From the material below, please set down exactly the lines starting with the one with "Street Life Men's" and going on through the one with "STAN U-1, četverosoban", without a single picture.

+++ Data records +++

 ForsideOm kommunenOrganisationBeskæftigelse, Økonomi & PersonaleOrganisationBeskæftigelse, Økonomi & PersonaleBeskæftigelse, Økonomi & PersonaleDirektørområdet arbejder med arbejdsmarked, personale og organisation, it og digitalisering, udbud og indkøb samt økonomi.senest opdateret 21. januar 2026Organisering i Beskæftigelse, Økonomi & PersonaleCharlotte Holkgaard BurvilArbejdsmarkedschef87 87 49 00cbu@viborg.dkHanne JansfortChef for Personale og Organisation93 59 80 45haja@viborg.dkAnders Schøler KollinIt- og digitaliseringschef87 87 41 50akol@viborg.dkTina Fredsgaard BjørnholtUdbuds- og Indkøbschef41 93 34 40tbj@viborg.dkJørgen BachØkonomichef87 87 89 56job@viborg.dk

+++
+++ Data records +++

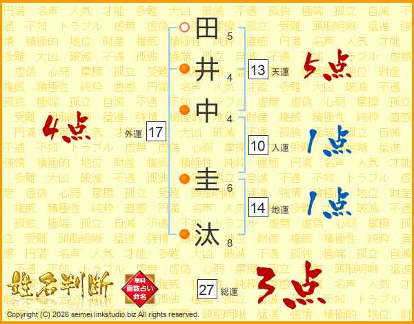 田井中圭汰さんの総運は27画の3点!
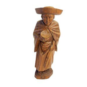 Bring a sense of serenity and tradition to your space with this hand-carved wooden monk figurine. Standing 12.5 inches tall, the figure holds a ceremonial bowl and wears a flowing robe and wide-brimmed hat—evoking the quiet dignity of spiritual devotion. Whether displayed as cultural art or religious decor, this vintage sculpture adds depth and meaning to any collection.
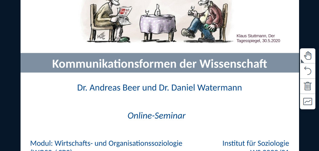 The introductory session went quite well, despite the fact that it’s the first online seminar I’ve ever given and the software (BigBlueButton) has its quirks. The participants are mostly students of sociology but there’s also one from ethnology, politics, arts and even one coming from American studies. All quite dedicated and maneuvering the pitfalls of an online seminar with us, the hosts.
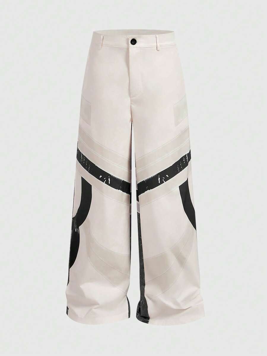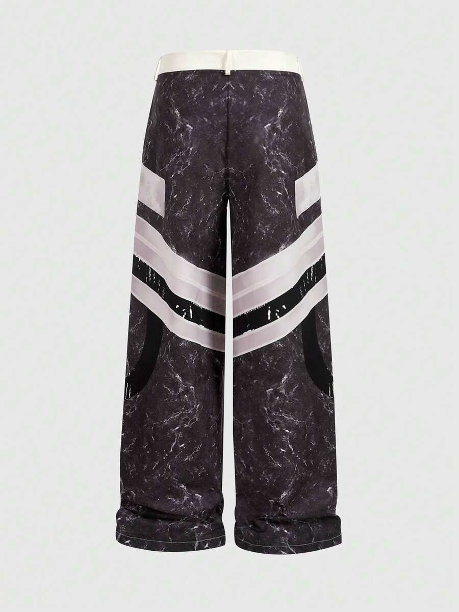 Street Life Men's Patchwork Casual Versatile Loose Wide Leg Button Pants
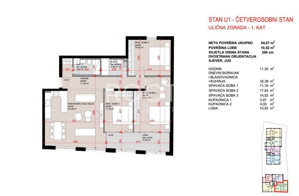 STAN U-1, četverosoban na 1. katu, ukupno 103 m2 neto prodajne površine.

+++
+++ Data records +++

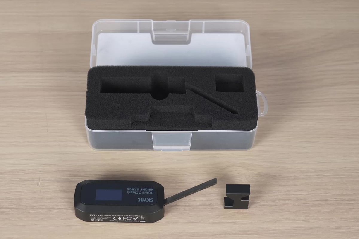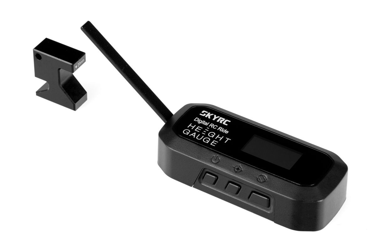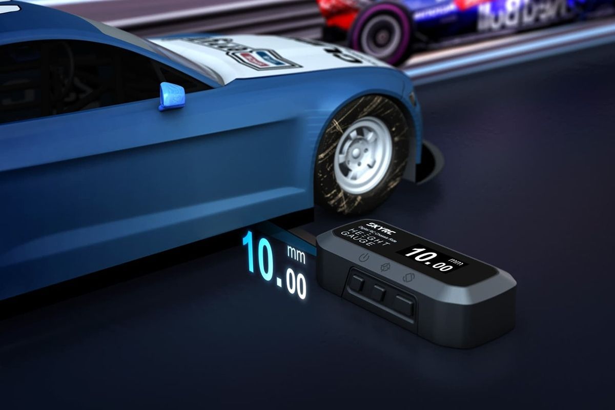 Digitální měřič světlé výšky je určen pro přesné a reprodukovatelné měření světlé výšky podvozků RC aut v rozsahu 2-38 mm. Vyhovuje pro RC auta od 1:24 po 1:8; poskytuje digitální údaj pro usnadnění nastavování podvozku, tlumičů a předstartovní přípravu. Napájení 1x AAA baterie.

+++

=== Response ===
 Street Life Men's Patchwork Casual Versatile Loose Wide Leg Button Pants
 STAN U-1, četverosoban na 1. katu, ukupno 103 m2 neto prodajne površine.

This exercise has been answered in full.